#### [What is expected]
Starting at the line that contains "The 600-square-foot Executive" and stopping at the line that contains "退休前后,他去西北西南地区写", restate each line of the records below exactly. Omit the pictures.

#### [Task input]
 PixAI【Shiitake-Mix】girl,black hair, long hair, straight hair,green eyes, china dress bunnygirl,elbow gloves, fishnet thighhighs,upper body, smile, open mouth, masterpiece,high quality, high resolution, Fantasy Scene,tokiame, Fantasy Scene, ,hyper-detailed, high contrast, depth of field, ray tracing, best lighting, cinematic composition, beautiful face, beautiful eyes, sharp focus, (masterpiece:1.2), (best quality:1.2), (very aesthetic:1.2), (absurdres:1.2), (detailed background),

---

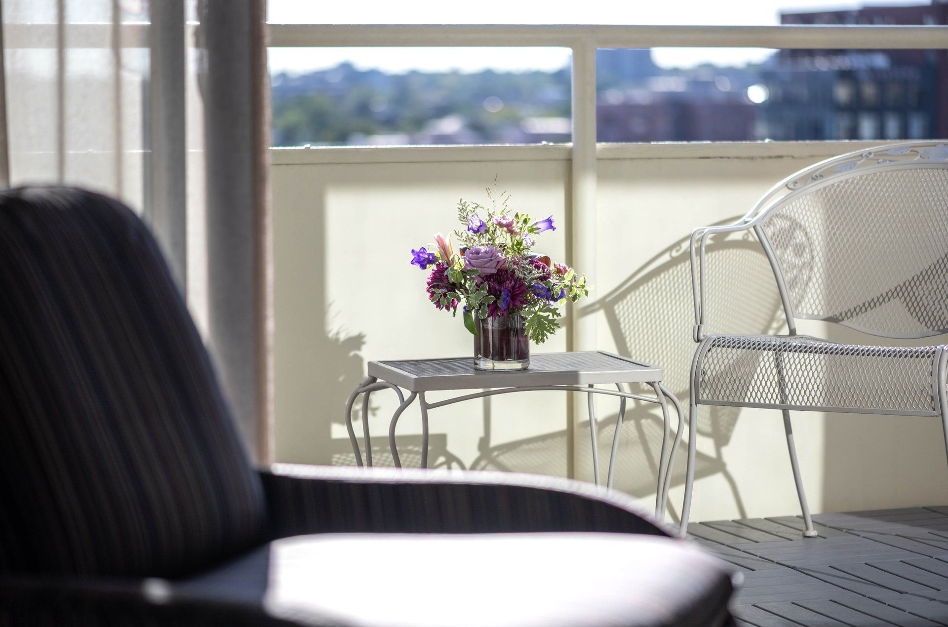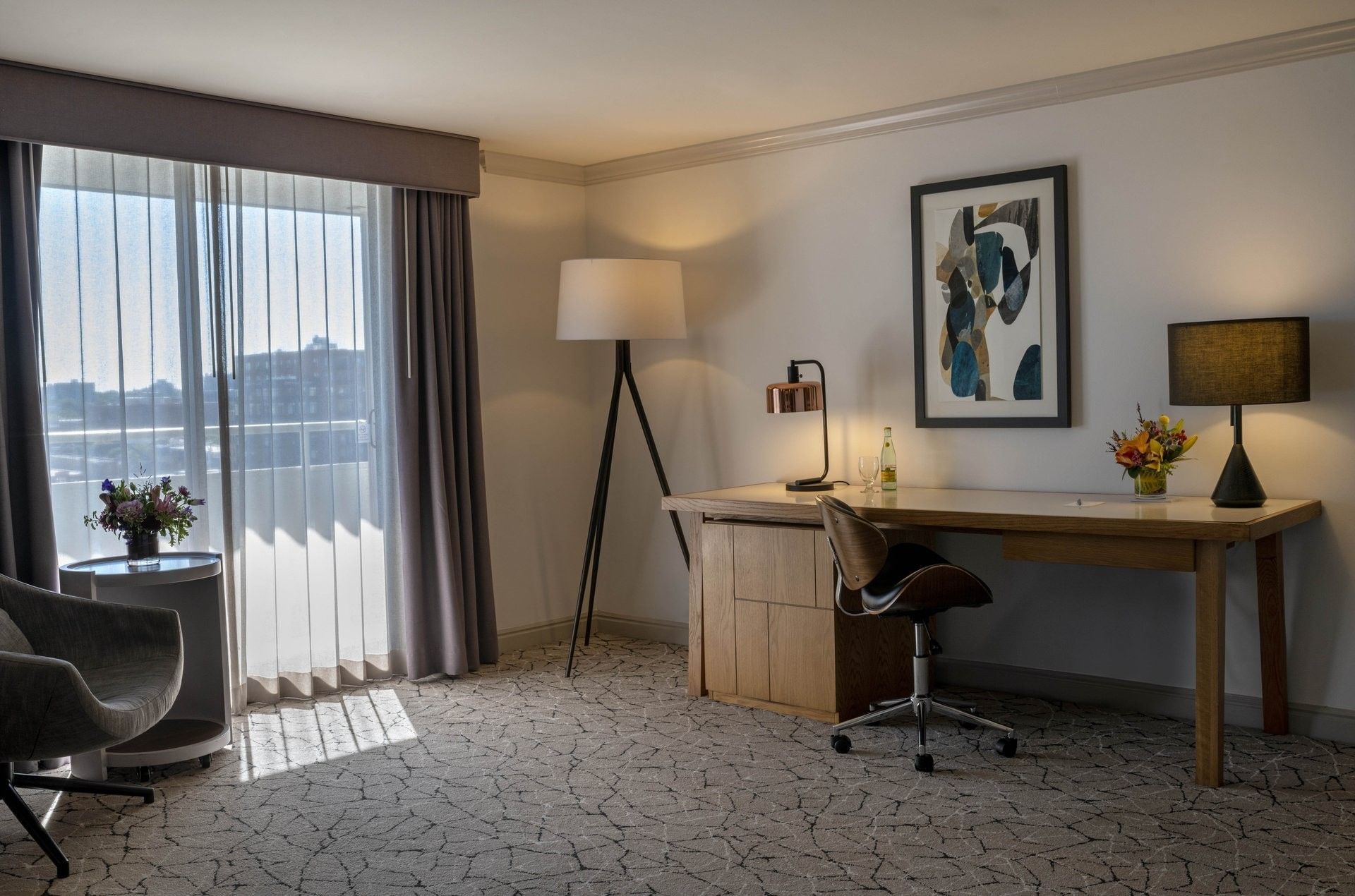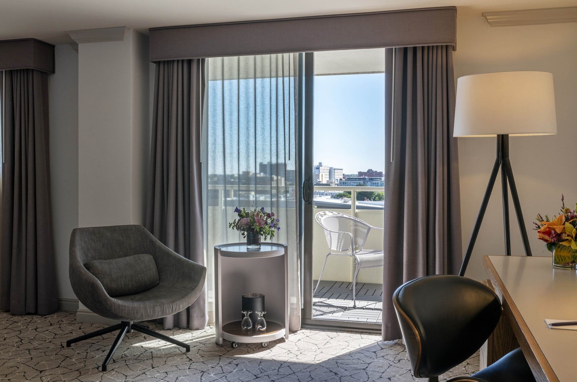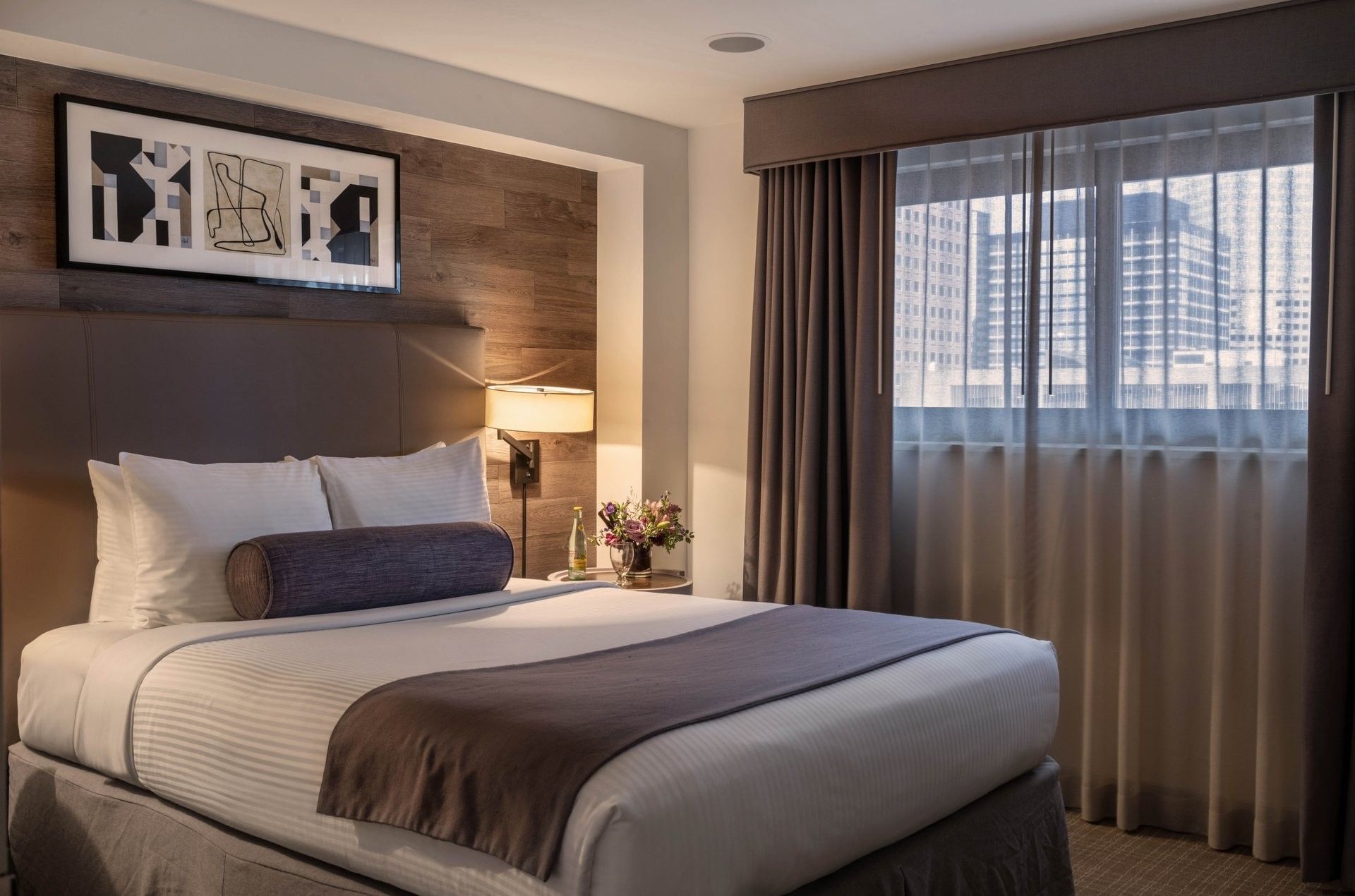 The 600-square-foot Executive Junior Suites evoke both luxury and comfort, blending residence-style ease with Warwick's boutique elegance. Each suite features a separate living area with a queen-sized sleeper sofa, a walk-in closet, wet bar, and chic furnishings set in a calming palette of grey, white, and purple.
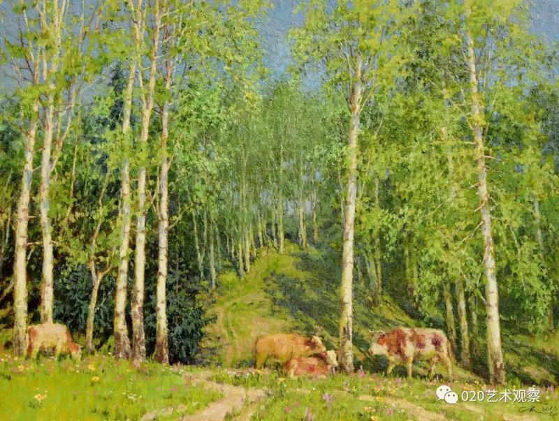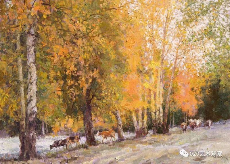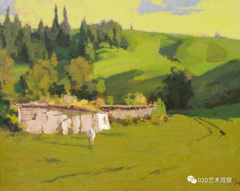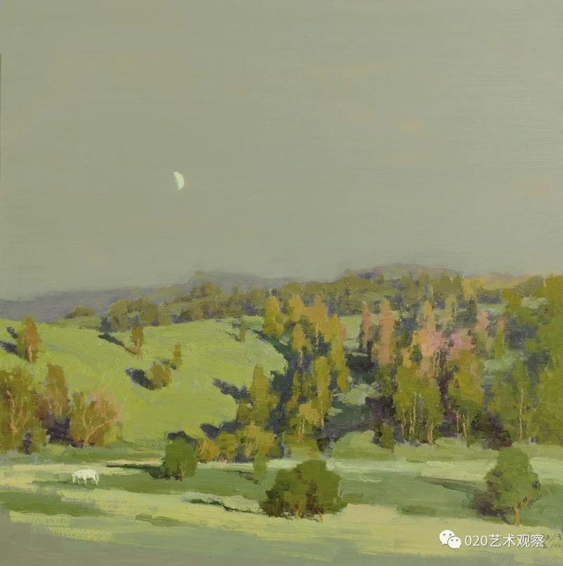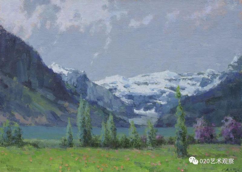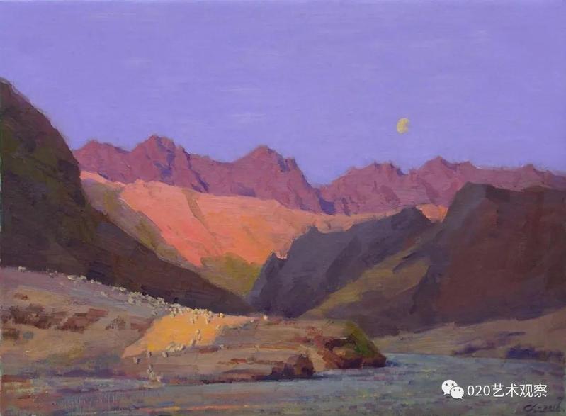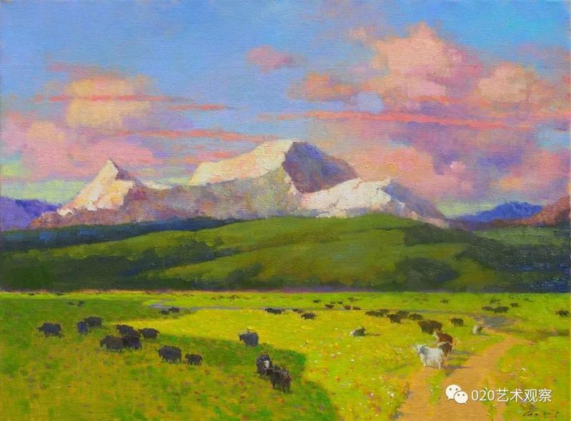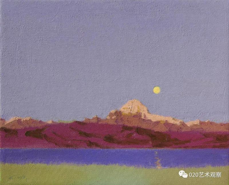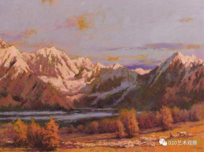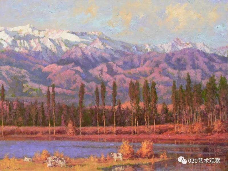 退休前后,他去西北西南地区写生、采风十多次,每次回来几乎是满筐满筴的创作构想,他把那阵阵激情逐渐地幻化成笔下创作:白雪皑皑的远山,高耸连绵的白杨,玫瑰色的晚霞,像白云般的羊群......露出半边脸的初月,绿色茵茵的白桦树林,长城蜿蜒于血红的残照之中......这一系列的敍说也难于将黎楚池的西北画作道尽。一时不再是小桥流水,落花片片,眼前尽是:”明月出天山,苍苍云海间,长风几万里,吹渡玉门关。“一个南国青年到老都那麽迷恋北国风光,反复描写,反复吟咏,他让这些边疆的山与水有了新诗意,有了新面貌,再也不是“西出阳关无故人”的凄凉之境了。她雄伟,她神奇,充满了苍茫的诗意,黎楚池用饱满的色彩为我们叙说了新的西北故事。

#### [Solved problem]
 The 600-square-foot Executive Junior Suites evoke both luxury and comfort, blending residence-style ease with Warwick's boutique elegance. Each suite features a separate living area with a queen-sized sleeper sofa, a walk-in closet, wet bar, and chic furnishings set in a calming palette of grey, white, and purple.
 退休前后,他去西北西南地区写生、采风十多次,每次回来几乎是满筐满筴的创作构想,他把那阵阵激情逐渐地幻化成笔下创作:白雪皑皑的远山,高耸连绵的白杨,玫瑰色的晚霞,像白云般的羊群......露出半边脸的初月,绿色茵茵的白桦树林,长城蜿蜒于血红的残照之中......这一系列的敍说也难于将黎楚池的西北画作道尽。一时不再是小桥流水,落花片片,眼前尽是:”明月出天山,苍苍云海间,长风几万里,吹渡玉门关。“一个南国青年到老都那麽迷恋北国风光,反复描写,反复吟咏,他让这些边疆的山与水有了新诗意,有了新面貌,再也不是“西出阳关无故人”的凄凉之境了。她雄伟,她神奇,充满了苍茫的诗意,黎楚池用饱满的色彩为我们叙说了新的西北故事。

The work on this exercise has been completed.